» **The task**:
Given the entries below, would you transcribe exactly the lines starting at the one with "Figura 2. Morfología urbana de la GMVV" and ending at the one with "الشيخ عبدالرحمن بن محمد آل ثاني", both kept, pictures omitted, nothing extra?

-- Data provided follows --

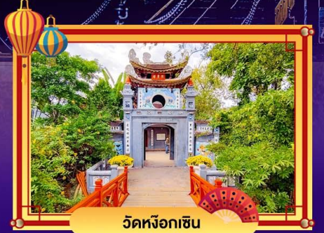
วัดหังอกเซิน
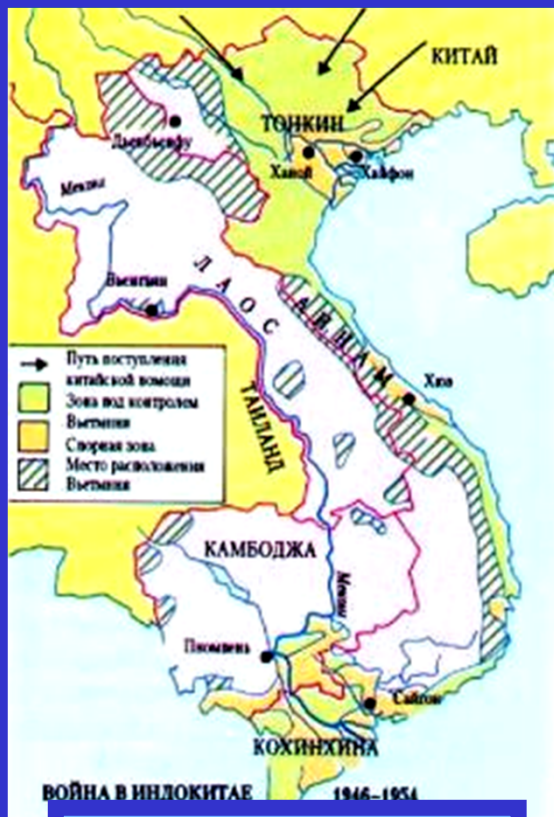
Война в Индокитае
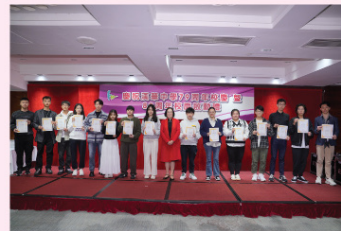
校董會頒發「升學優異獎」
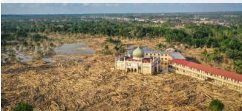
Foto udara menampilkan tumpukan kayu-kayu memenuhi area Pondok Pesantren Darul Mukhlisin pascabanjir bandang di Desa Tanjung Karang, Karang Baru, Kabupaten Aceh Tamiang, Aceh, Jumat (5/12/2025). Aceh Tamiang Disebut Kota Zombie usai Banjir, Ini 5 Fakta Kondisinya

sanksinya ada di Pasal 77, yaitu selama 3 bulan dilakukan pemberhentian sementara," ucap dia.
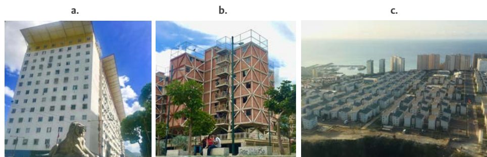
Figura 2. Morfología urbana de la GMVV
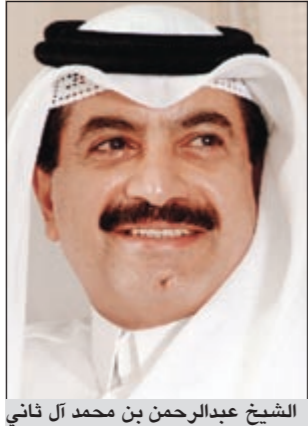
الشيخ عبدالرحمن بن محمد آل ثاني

-- Data provided concluded --
-- Data provided follows --

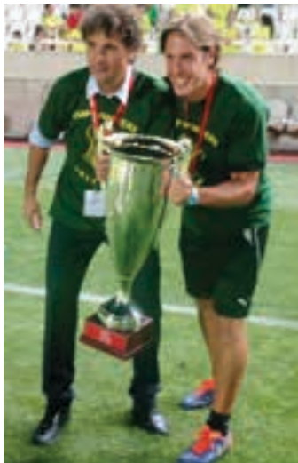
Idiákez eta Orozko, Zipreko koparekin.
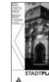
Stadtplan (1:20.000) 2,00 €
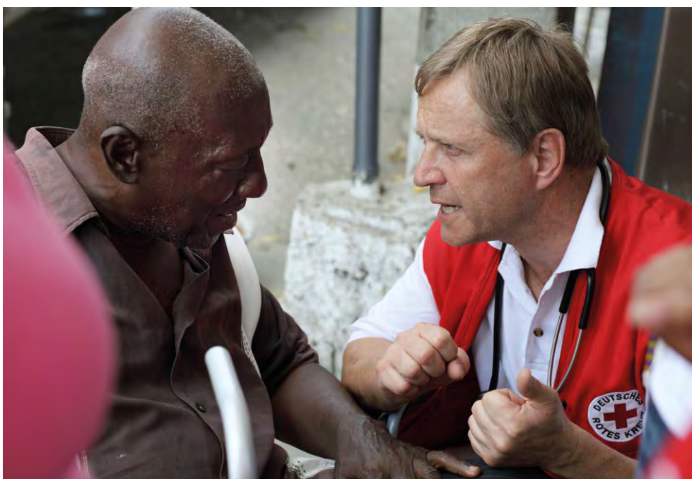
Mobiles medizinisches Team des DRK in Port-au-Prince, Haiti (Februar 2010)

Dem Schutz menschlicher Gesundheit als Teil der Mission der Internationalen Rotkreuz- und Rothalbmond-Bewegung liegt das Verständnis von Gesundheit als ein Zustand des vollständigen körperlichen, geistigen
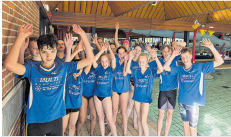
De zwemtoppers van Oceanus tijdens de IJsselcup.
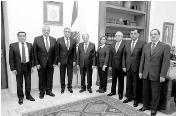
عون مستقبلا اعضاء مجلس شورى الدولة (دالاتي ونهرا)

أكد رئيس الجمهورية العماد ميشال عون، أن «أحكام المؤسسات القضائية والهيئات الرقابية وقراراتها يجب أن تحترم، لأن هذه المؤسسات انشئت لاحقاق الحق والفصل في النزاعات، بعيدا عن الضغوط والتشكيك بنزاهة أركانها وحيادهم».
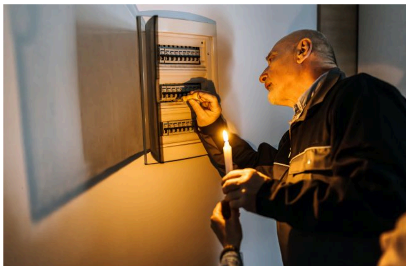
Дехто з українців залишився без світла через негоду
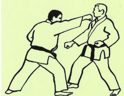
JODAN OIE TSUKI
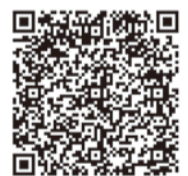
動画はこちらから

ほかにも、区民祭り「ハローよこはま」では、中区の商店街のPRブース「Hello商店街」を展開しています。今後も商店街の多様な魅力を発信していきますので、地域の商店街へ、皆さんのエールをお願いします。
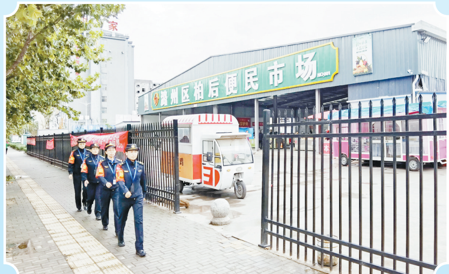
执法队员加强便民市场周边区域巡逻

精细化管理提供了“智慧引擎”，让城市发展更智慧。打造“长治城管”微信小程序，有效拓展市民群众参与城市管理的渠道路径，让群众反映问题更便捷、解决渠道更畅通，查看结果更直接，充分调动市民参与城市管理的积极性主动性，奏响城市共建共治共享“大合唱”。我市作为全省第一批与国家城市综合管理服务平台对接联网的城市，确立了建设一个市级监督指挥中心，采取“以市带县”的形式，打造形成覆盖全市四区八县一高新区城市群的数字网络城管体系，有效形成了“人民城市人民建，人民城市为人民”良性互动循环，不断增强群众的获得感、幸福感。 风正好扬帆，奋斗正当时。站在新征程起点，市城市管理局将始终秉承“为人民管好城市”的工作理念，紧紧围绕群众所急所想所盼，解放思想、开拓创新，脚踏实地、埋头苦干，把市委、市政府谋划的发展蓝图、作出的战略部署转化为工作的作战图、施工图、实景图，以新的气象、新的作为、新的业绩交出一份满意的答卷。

-- Data provided concluded --

» **Answer for the task**:
Figura 2. Morfología urbana de la GMVV
الشيخ عبدالرحمن بن محمد آل ثاني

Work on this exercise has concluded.